Importance of frailty in patients with cardiovascular disease

Mandeep Singh, Ralph Stewart, Harvey White, Mandeep Singh, Ralph Stewart, Harvey White

Abstract

Cardiovascular diseases (CVDs) are the leading cause of morbidity and mortality. With the ageing population, the prognostic determinants among others include frailty, health status, disability, and cognition. These constructs are seldom measured and factored into clinical decision-making or evaluation of the prognosis of these at-risk older adults, especially as it relates to high-risk interventions. Addressing this need effectively requires increased awareness and their recognition by the treating cardiologists, their incorporation into risk prediction models when treating an elderly patient with underlying complex CVD, and timely referral for comprehensive geriatric management. Simple measures such as gait speed, the Fried score, or the Rockwood Clinical Frailty Scale can be used to assess frailty as part of routine care of elderly patients with CVD. This review examines the prevalence and outcomes associated with frailty with special emphasis in patients with CVD.

Keywords: Assessment; Cardiovascular disease; Frailty; Prognosis.
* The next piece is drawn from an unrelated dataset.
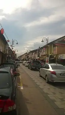 Kampung Cina (Jawi: کامڤوڠ چينا; Chinese: 唐人坡; Pe̍h-ōe-jī: Tn̂g-lâng-pho), is a Chinatown located in Kuala Terengganu, Terengganu, Malaysia. Kampung Cina is located along Jalan Bandar (formerly known as Jalan Kampung Cina), in Kuala Terengganu city centre at the river mouth of Terengganu River that empties into the South China Sea. Kampung Cina literally means Chinese Village; it is also called Tn̂g-lâng-pho (唐人坡) or KT's Chinatown by local people. It is one of Southeast Asia's early Chinese settlements and contains stately ancestral homes, temples, townhouses, and business establishments. The town is small but has colourful shophouses along both sides of the road that carries traditional flavour.
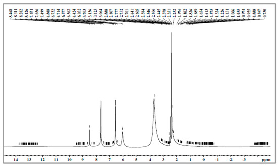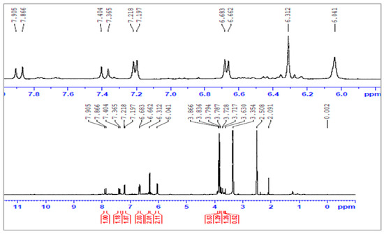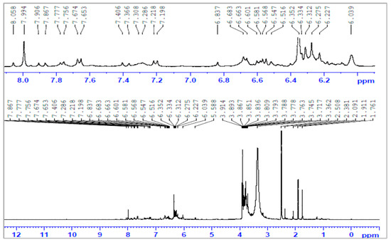 The aromatic protons from grafted-PMAP and -PSMP fluorescent polymer compounds were identified by 1H-NMR spectra, as shown in Figure 3, Figure 4, Figure 5 and Figure 6. Figure 3 and Figure 4 show the 1H-NMR spectra of PMA and PSA, where both polymers had similar structural units and the hydrogen in each structural unit had comparable relaxation times. The 1H-NMR spectra of grafted-polymer PSMP (δ in ppm from in DMSO-d6) with the amide (NH) protons from PSMP showed a broad signature at 8.0 ppm. The peaks appeared at 7.76–7.75, 7.67–7.65 to 6.8–6.3 (doublets, aromatic protons) for the spectra of PSMP (Figure 5). The characteristic peaks of the 3-methoxyl group (3.9 ppm) are shown in Figure 5. The grafted polymers were assigned to the absorption of the -CH-CH- group within the styrene-maleic acid ring and the signatures at 3.8–2.0 ppm related to the maleic acid groups of styrene. As depicted in Figure 5 and Figure 6, the 1H group was identified as an NH attached to the phenyl ring that appeared as a singlet at 8.0 ppm and the (Ar-H) aromatic proton in the range of 6.5–6.3 with (Ar-Cl) aromatic protons appeared as doublets at 7.76–7.67 ppm and 7.68–7.66 ppm.

Published on behalf of the European Society of Cardiology. All rights reserved. © The Author 2014. For permissions please email: journals.permissions@oup.com.

Figures

Figure 1
Figure 1
Trajectories of health and functioning with ageing. On the ‘Y’ axis is the global measure of performance which may be physical, cognitive, social, or quality of life. Performance is divided into the meaningful levels. Individuals with full performance and high functional reserve can face environmental perturbations with ease. In contrast frail, individuals have a high risk from homoeostasis disruption and negative health outcomes including disability and death, due to exhaustion of functional reserve. With disability assistance is needed to function. The trajectory of decline with ageing varies widely between individuals. In some it is much steeper, and crosses the threshold of disability years before death. It may be precipitous after stroke, myocardial infarction, or fracture. Effective treatments of the presenting condition, avoiding complications and interventions which reduce frailty (arrow) may decrease the rate of decline or improve performance (modified from source).
Figure 2
Figure 2
Relationship between frailty, age and the risk of death. This figure demonstrates a relationship between deficit accumulation as an estimate of biologic age and its correlation with the risk of death. Consider two people, A and B, of the same chronologic age. At 78 years, the mean value of the frailty index is 0.16. Person A has a frailty index value of 0.26 that is higher than the mean value by 0.1 corresponding to the mean value of the frailty index at age 93 years. In essence, person A has the life expectancy of 93 years old; thus, although chronologically 78 years old, person A can be considered to be biologically 93 years old. In contrast, person B has a frailty index value of 0.1 that is lower than the mean value by 0.06 corresponding to the mean value of the frailty index at age 63 years. In essence, person B has the life expectancy of 63 years old; thus, although chronologically 78 years old, person B can be considered to be biologically 63 years old.
Figure 3
Figure 3
Proposed algorithm for older adults with cardiovascular disease.